Ce besoin moral d’un triomphe ouvertement manifesté ne relève pas du tout du chauvinisme. Le terme stupide de chauvinisme, inventé par les libéraux pacifistes, applicable sans doute seulement à l’ambition française, celle de la poursuite de la gloire pour la gloire sans aucun résultat pratique.
En Orient, la Russie dispose d’un réel terrain d’action: ces pays sont pour la Russie une destination pratique, d’un contenu à la richesse inexprimable. C’est pourquoi, il semble bien que tous les résultats réels de l’actuelle brillante guerre dépassent, et de loin, les misérables idées qui, lorsque nous l’avons entamée, nous habitaient par humilité non seulement chrétienne, mais surtout libérale-européenne… (Il s’agit là d’une différence énorme).

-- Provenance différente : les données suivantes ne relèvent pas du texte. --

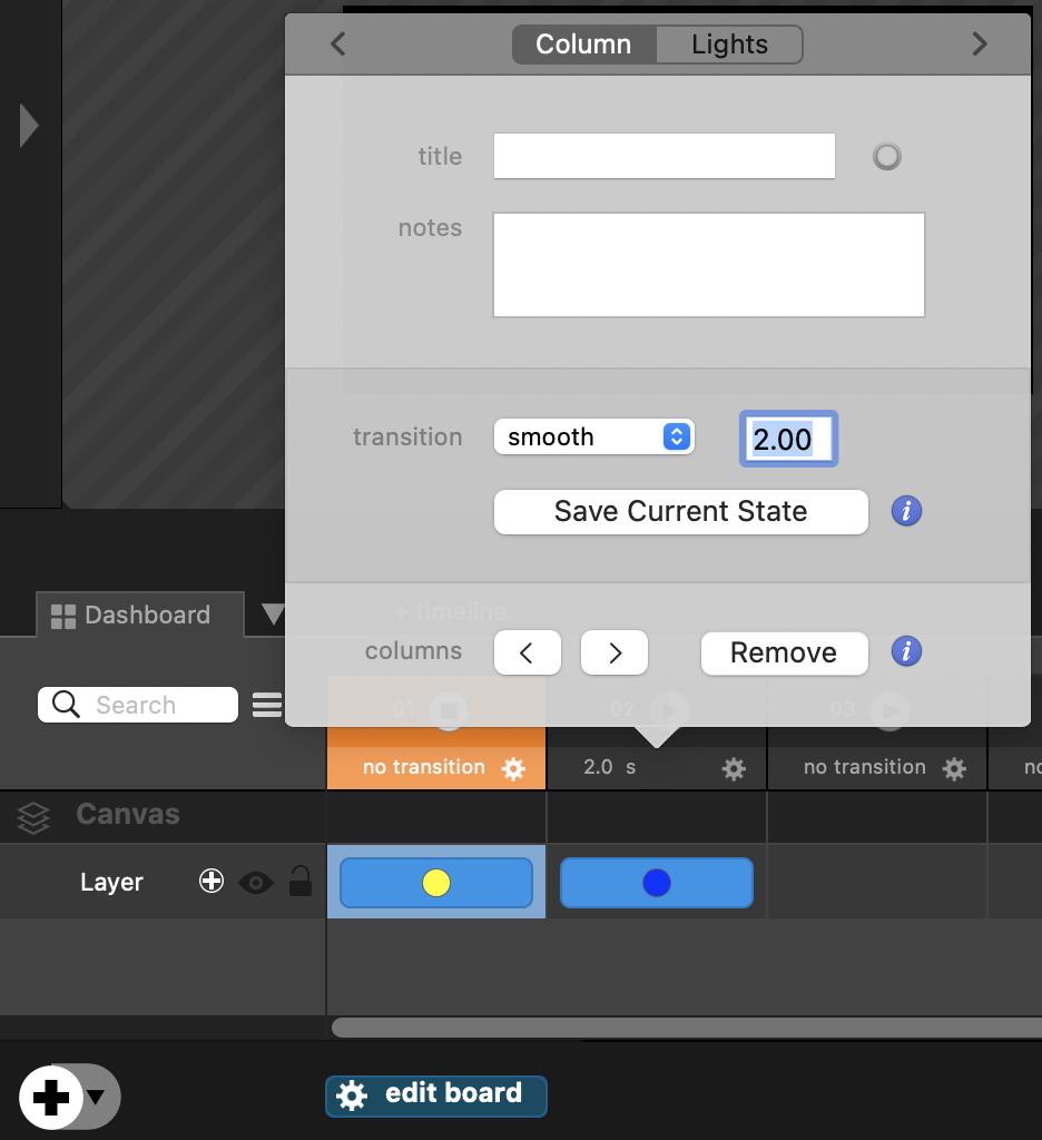 Now, each time you launch this column, Millumin will automatically fade with the previous column.

Et maintenant,… maintenant, …il est terrible d’imaginer que quelque chose d’essentiel pour nous pourrait, une fois encore, nous glisser des mains !
Le plus essentiel, ce sont Tsargrad et les détroits.Bosphore et Dardanelles
Nous devons comprendre que pour nous-mêmes et pour une organisation solide de tout le Monde Chrétien Oriental, il s’agit de l’élément le plus l’essentiel, simplement du fait qu’en Europe, on considère que ce point précis affecte les intérêts paneuropéens.

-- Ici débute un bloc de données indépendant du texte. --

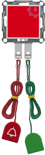 Zugtaster-/Zugabstelltaster mit Zentralplatte Schnur 3m/1m SIGMA care ELSO Joy. Der Zugruf- und Abstelltaster dient zum Auslösen eines Rufes, sowie zum Abstellen eines Rufes durch das Personal. Eine optische und akustische Signalisierung wird an einem sichtbar montierten Zimmermodul außerhalb des Raumes angezeigt. Rote Zugschnur in 3 m Länge und rotes Griffstück mit Rufsymbol, Rundum rot leuchtende Gehäuseseiten, die Rufauslösung anzeigen. Grüne Zugschnur in 1 m Länge und grünes Griffstück zur Abstellung des Rufes, Eine Arretierungsnase auf der. Geräterückseite, hält das Gerät bei starkem Zug im Rahmen. Die Montage erfolgt senkrecht auf einer 60er UP-Dose, z. B. in einem behindertengerechten WC. Betriebsspannung: DC 24 V ± 10 %, über das Zimmermodul ELG745010. Stromaufnahme: max. 45 mA, Anschlussklemme: Steckklemme, 4-polig, 2 Leiter je Pol, Leitungstyp: J-Y(St)Y, 2 x 2 x 0,8 mm, Schutzart: IP20, Leitungslänge: max. 50 m, Abmessungen (B x H x T): 55 x 55 x 20 mm. Bei Verwendung in den Designs ELSO Fashion/Riv

Et s’il en était ainsi, que s’en suivrait-il ? Après tout, Rome représente la ville éternelle incomparablement plus que Tsargrad, car il n’existe pas un État dans le monde entier, sur lequel le Vatican n’étende son influence spirituelle par l’intermédiaire d’une multitude de personnes confessant la foi catholique. Malgré cela, la faible Italie est parvenue à faire de Rome sa capitale, alors qu’il ne pourrait aujourd’hui être question de transformer Tsargrad en centre de la vie grand-russe.

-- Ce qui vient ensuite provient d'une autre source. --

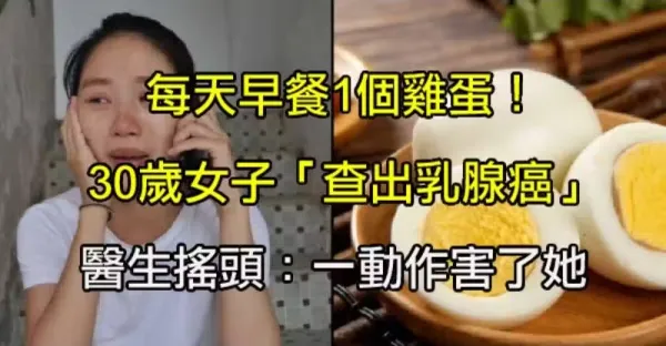 每天早餐1個雞蛋‼️30歲女子「查出乳腺癌」3個月後含淚離世 醫生搖頭:一動作害了她!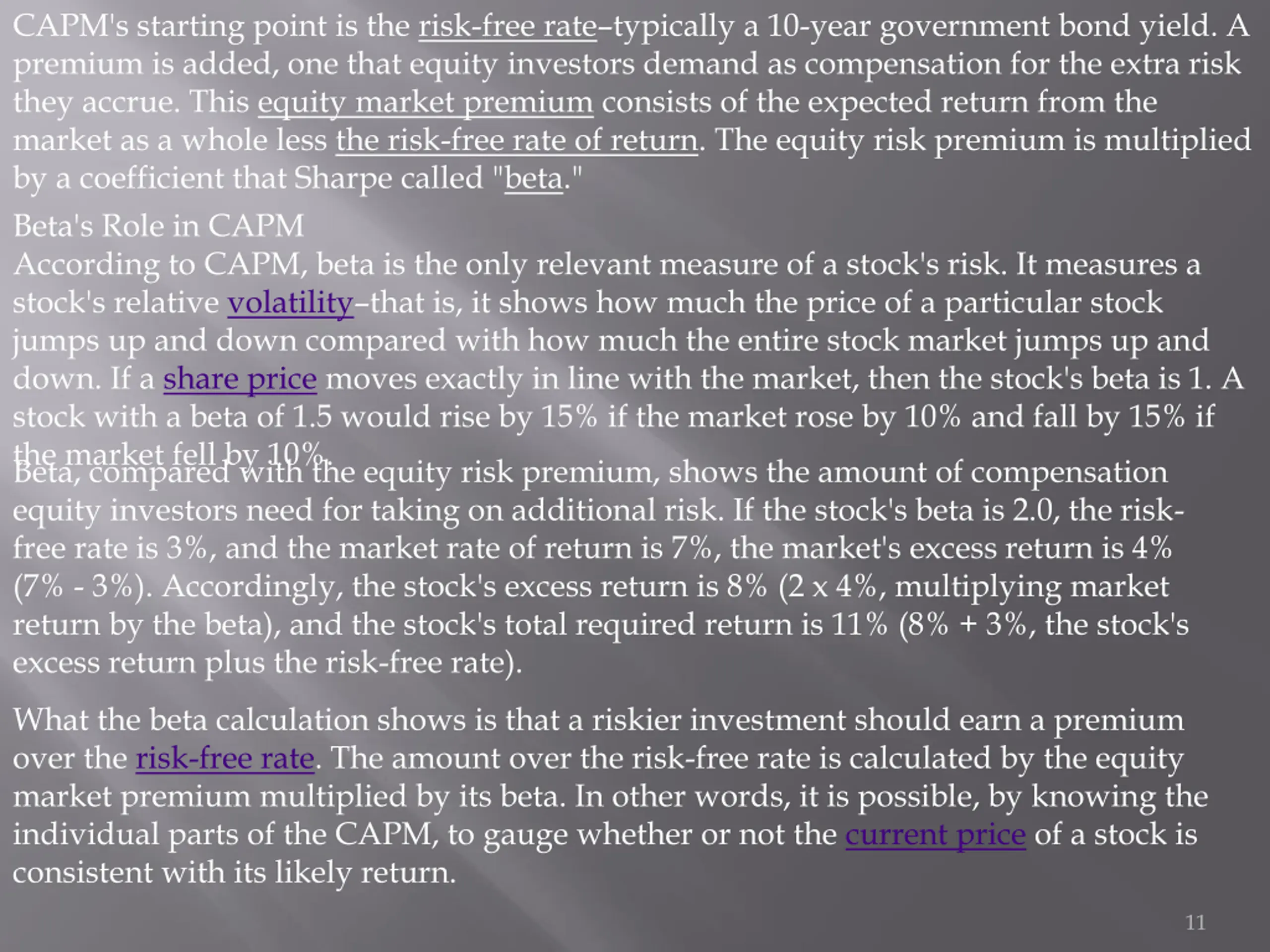 CAPM's starting point is the risk-free ratetypically a 10-year government bond yield. A premium is added, one that equity investors demand as compensation for the extra risk they accrue. This equity market premium consists of the expected return from the market as a whole less the risk-free rate of return. The equity risk premium is multiplied by a coefficient that Sharpe called "beta." Beta's Role in CAPM According to CAPM, beta is the only relevant measure of a stock's risk. It measures a stock's relative volatility that is, it shows how much the price of a particular stock jumps up and down compared with how much the entire stock market jumps up and down. If a share price moves exactly in line with the market, then the stock's beta is 1. A stock with a beta of 1.5 would rise by 15% if the market rose by 10% and fall by 15% if the market fell by 10%. Beta, compared with the equity risk premium, shows the amount of compensation equity investors need for taking on additional risk. If the stock's beta is 2.0, the risk- free rate is 3%, and the market rate of return is 7%, the market's excess return is 4% (7% - 3%). Accordingly, the stock's excess return is 8% (2 x 4%, multiplying market return by the beta), and the stock's total required return is 11% (8% + 3%, the stock's excess return plus the risk-free rate). What the beta calculation shows is that a riskier investment should earn a premium over the risk-free rate. The amount over the risk-free rate is calculated by the equity market premium multiplied by its beta. In other words, it is possible, by knowing the individual parts of the CAPM, to gauge whether or not the current price of a stock is consistent with its likely return. 11

A proprement parler, la question actuelle n’est pas tellement celle de l’élimination des Turcs eux-mêmes, mais concerne bien l’annihilation indispensable de la pression européenne sur les Turcs, pression hostile à notre égard et mortelle pour nos coreligionnaires.
Il nous serait possible de régler l’affaire avec les Turcs eux-mêmes, s’ils étaient autonomes vis-à-vis de l’Occident et si son sol n’était le lieu où se déploient librement et honteusement les intrigues et le travail de sape des Occidentaux. Nous en avons fait l’expérience dans les affaires de Candie et dans la querelle qui oppose Grecs et Bulgares, si tristement nuisible au sentiment Orthodoxe…
Une époque de répit, sans pour autant équivaloir pour nous à une pleine amélioration, fut l’intervalle de temps entre la fin du soulèvement crétois et les événements d’Herzégovine (de 1869 à 1875). Et pourquoi donc la vie à cette époque était-elle plus légère pour les Chrétiens, sinon dans tout l’empire, du moins dans la plupart des oblasts ? Précisément parce que la Turquie se trouvait sous notre influence… Et ensuite ? Comment y fut-il mis un terme ? Par le meurtre du sultan Abdoul Aziz, qui nous était favorable, et la terreur bulgare sans précédent en Turquie… Celui qui est familier avec ce pays se doutera de ce que les agissements de Sir Henry Elliot, qui enviait à titre personnel et jusqu’à la folie l’activité du Général Ignatiev et son influence sur le malheureux Sultan ne furent pas étrangers à ces crimes politiques.
La méchanceté de l’impuissance personnelle de l’Anglais vint cette fois coïncider avec les prétentions politiques, connues du monde entier, de la Grande-Bretagne, auxquelles il est grand temps de mettre un terme.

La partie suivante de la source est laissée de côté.